Why do I read NCR?
In a July 9 letter to Washington Cardinal Theodore McCarrick, Cardinal Joseph Ratzinger, head of the Vatican's Congregation for the Doctrine of the Faith, put to rest speculation that his views were misrepresented or that the U.S. bishops acted contrary to Vatican wishes in their recent statement on Catholics in political life. (Washington Notebook, July 7).
Unsaid: 'His [McCarrick's] views,' as represented in his 'Interim Reflections' are neither approved nor even mentioned in Ratzinger's letter.
"The statement is very much in harmony with the general principles [of] 'Worthiness to Receive Holy Communion,' sent as a fraternal service -- to clarify the doctrine of the Church on this specific issue - in order to assist the American bishops in their related discussion and determinations," wrote Ratzinger.
Unsaid: 'The statement' being referred to is not McCarrick's document but that produced by the full body of bishops, i.e. 'Catholics in Political Life.' As I've argued, this document represents not a reflectin of McCarrick's views, but a departure from them.
The U.S. bishops' statement said that it was the responsibility of each bishop to decide in his own diocese how to respond to Catholic pro-choice politicians, including whether or not they should be denied communion.
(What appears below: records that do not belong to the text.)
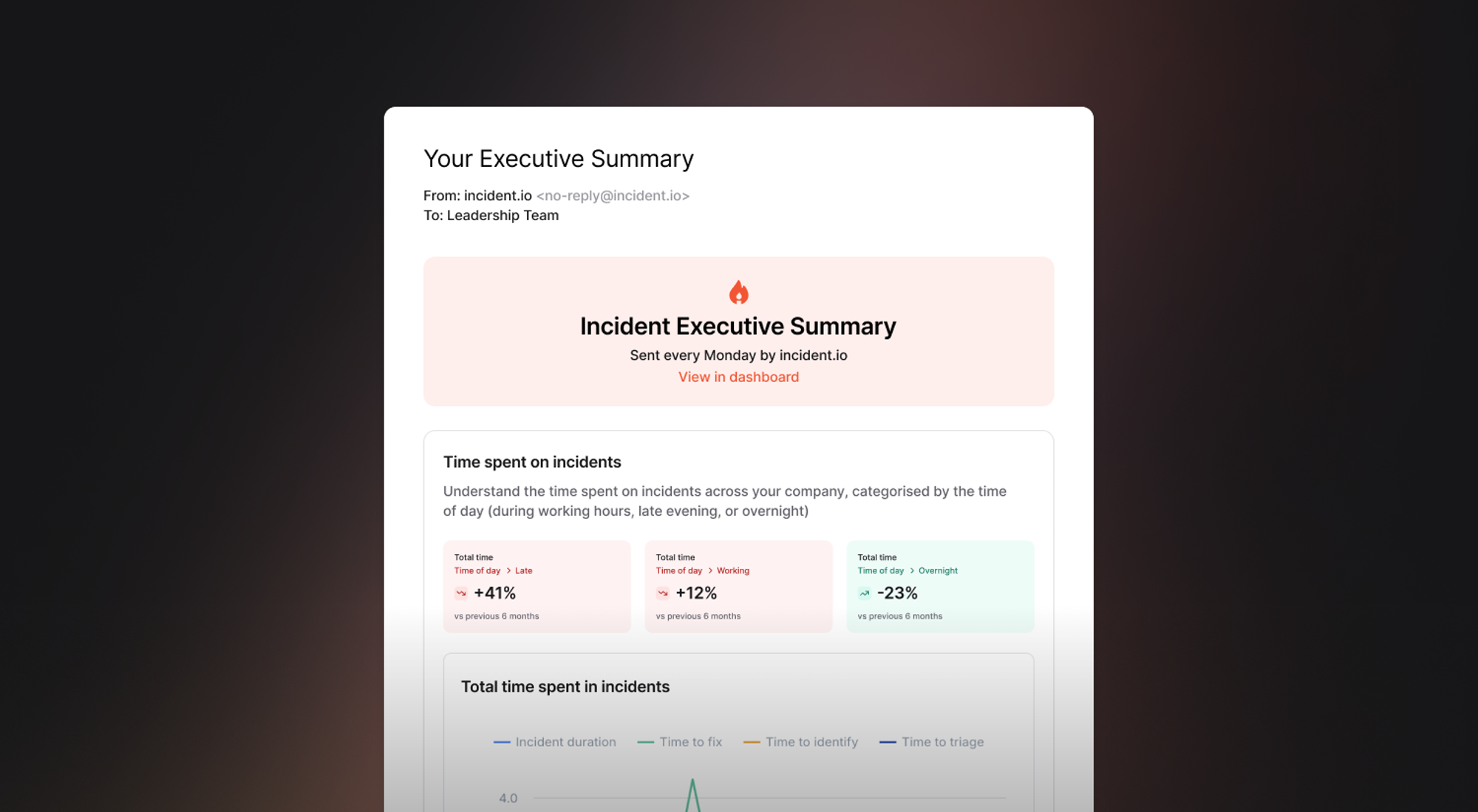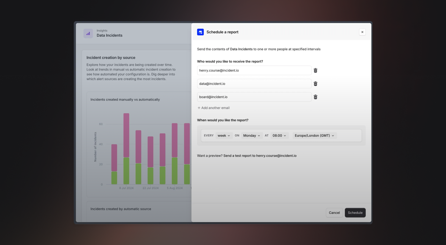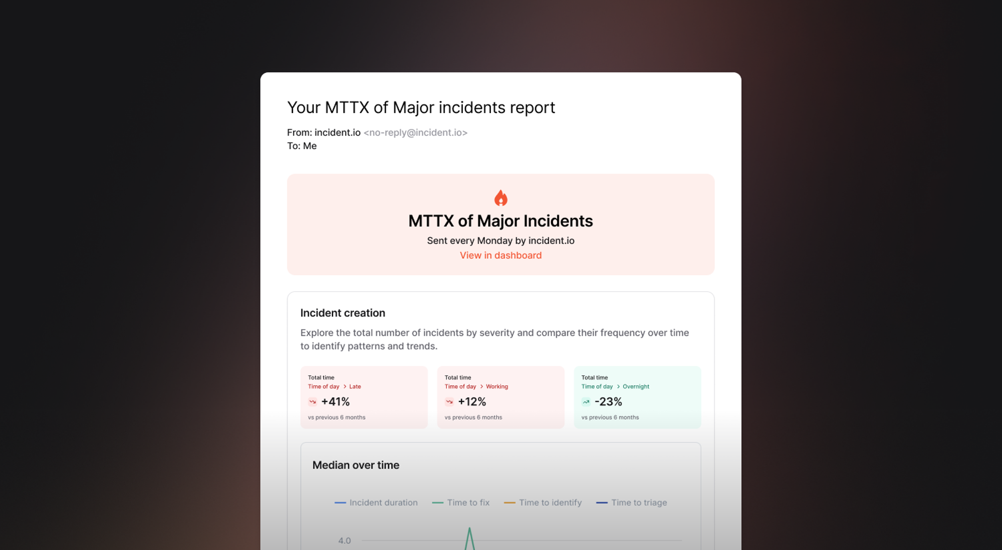 With scheduled reports, you can create a monthly executive summary to send MTTX metrics to the C-suite or see how much time your team is spending on incidents in your inbox every week. This helps you stay on top of alert noise, track team productivity, and see how your incident response processes are improving.
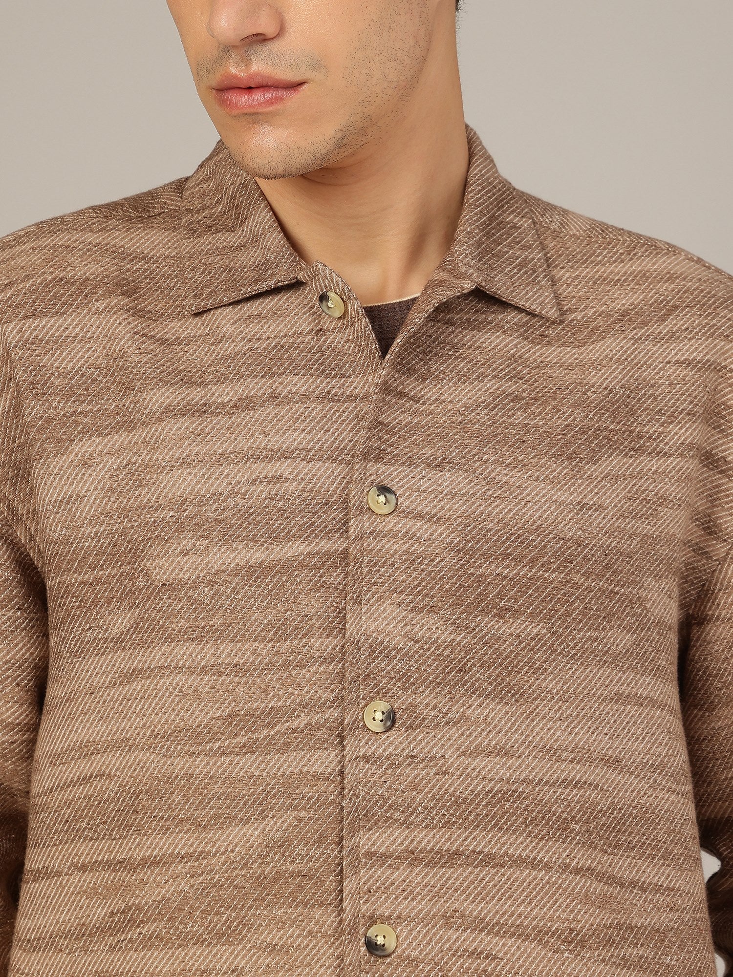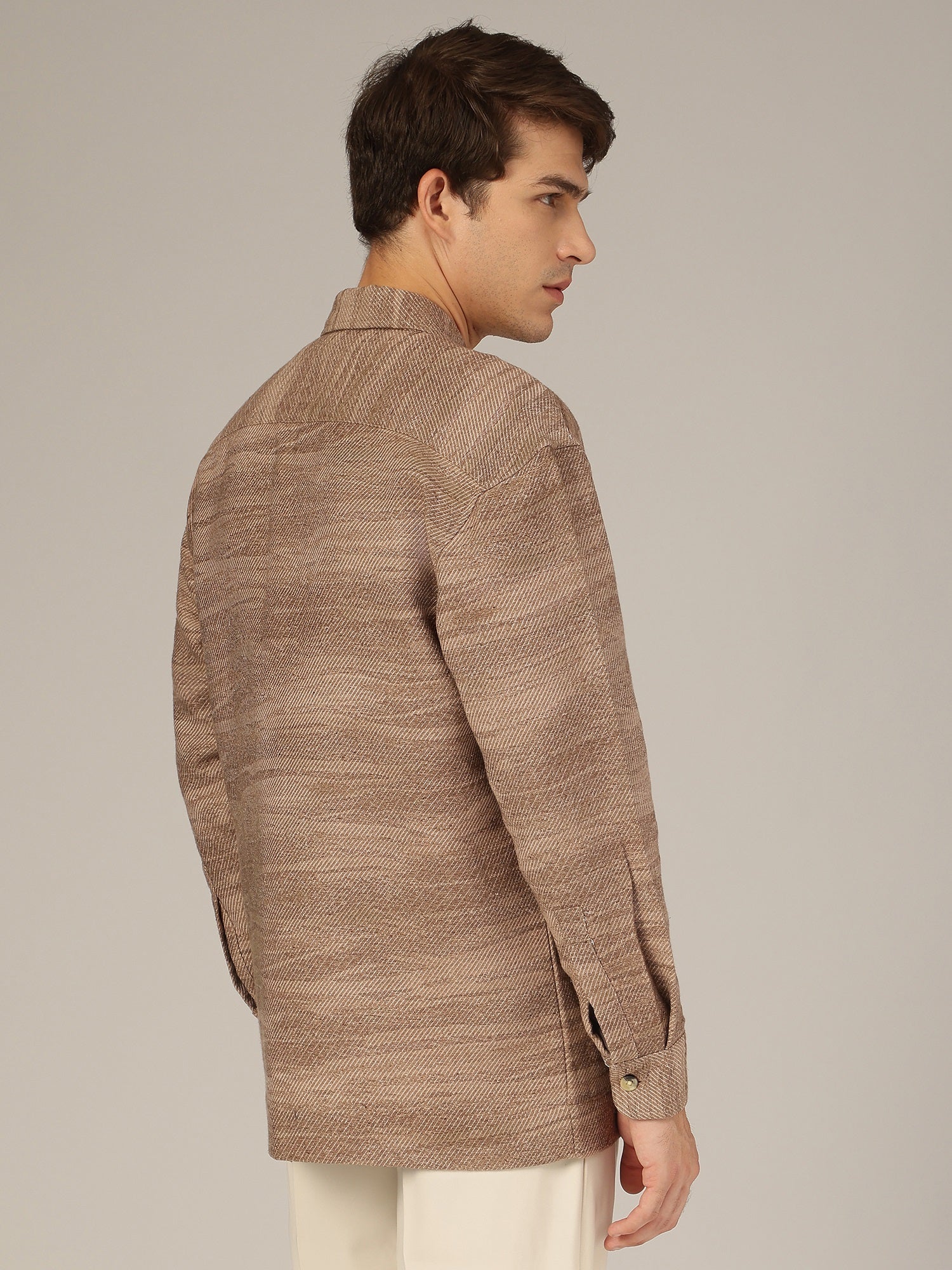 Light Brown: Jacquard Printed Oversized Drop-Shoulder Shacket
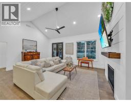 A rare find, luxury meets charm. A quiet, treed lane where neighbours have lived for years. Safe for evening walks, friendly for pets & families. Ideally nestled btwn Kingsville & Leamington. A rare mix of peace, community & accessibility. Set on a private ½-acre lot at the end of the street captures that feeling of retreat & connection. Framed by century-old trees, offering rare privacy on all sides. The property's low-maintenance landscaping with perennials blooming in every season. At Christmas, the setting is the perfect backdrop for magical lights & gatherings. Step inside to discover a home that feels both grand & effortlessly livable. The thoughtful one-floor layout is designed to suit a growing family or a mature buyer. With 3 large bdrms, 2.5 bths on the main lwel, heated bthrm floors, an o/sized primary suite w/ walk-in closet & spa-inspired ensulte, whispers comfort & quality. Natural light floods the interiors. Finished basement w/ full bthrm & room for two more bdrms, offices, or hobby spaces, along with generous storage. Outdoors, enjoy a 2-tiered deck & perfectly sized yard that feels private, wooded and easy to maintain. Room for a pool, play space, or evenings spent under the canopy of trees. A 2 car garage w/ ramp access adds practicality. The location is unmatched: 2-min walk to sushi, and convenience store, Quick 5-min drive to schools, groceries, arenas, and restaurants. It's a home where life feels easy, joyful, and a little bit magical. (id:50886)
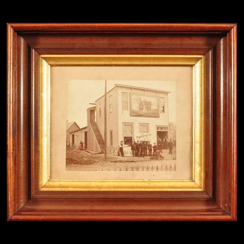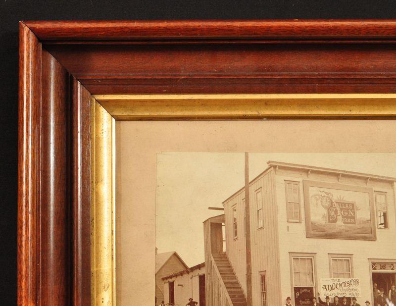Dallas Sign Works Framed Photograph. "The Advertisers Convention Dallas, Texas 12/10/89" Banner on building. Image measures 6" x 7-1/2".
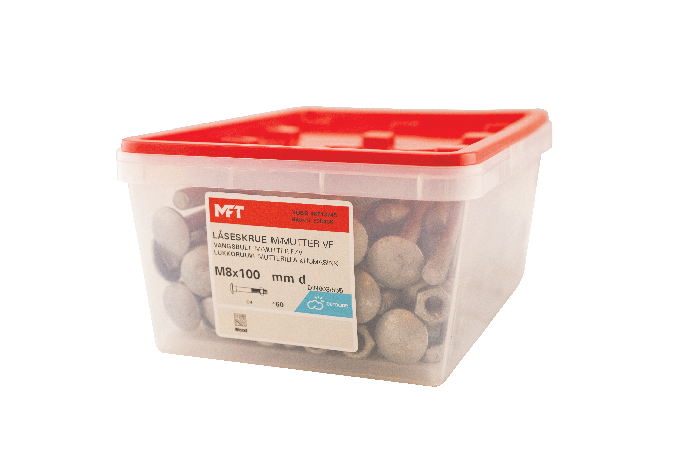 MFT Låseskrue med mutter, låseskruen er produsert i henhold til DIN603 og mutter i henhold til DIN934 standard i herdet karbonstål, kvalitet 4.8. Låseskrue og mutter har en varmforsinket overflatebehandling. Korrosjonsklasse C3. Delgjenget.
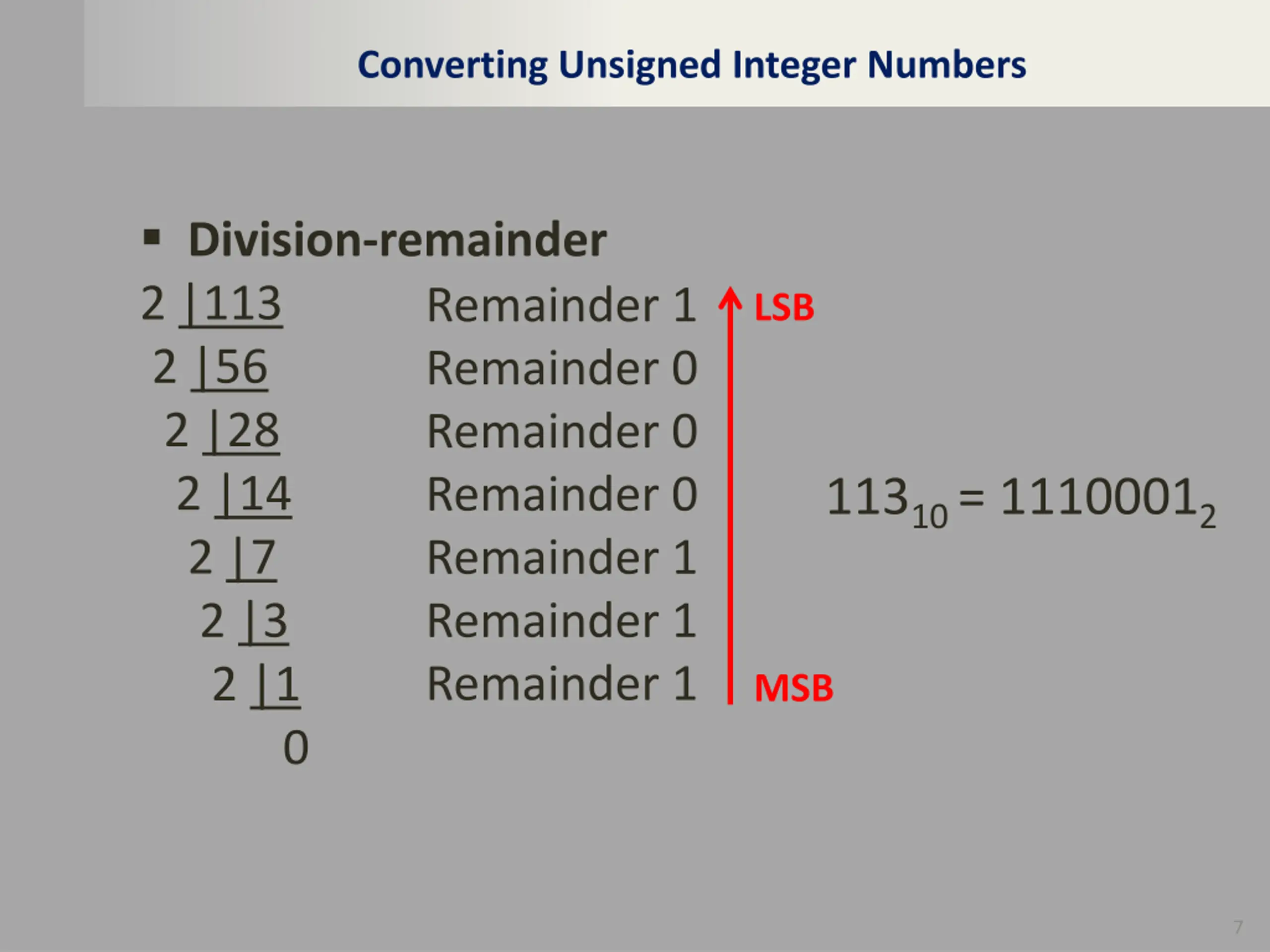 Converting Unsigned Integer Numbers Division-remainder 2 |113 2 |56 2 |28 2 |14 2 |7 2 |3 2 |1 0 Remainder 1 Remainder 0 Remainder 0 Remainder 0 Remainder 1 Remainder 1 Remainder 1 LSB 11310 = 11100012 MSB 7

The 183-6 vote in favor of the statement made clear, however, that the vast majority of bishops do not favor withholding communion from pro-choice Catholic politicians.
Unsaid: Since the statement made no such proposal, i.e. to discourage the denial of communion, such a reading is impossible. The most that can be said is that the vast majority of bishops do not favor a general policy of denying communion. Rather, they prefer to leave the decision to the ordinary.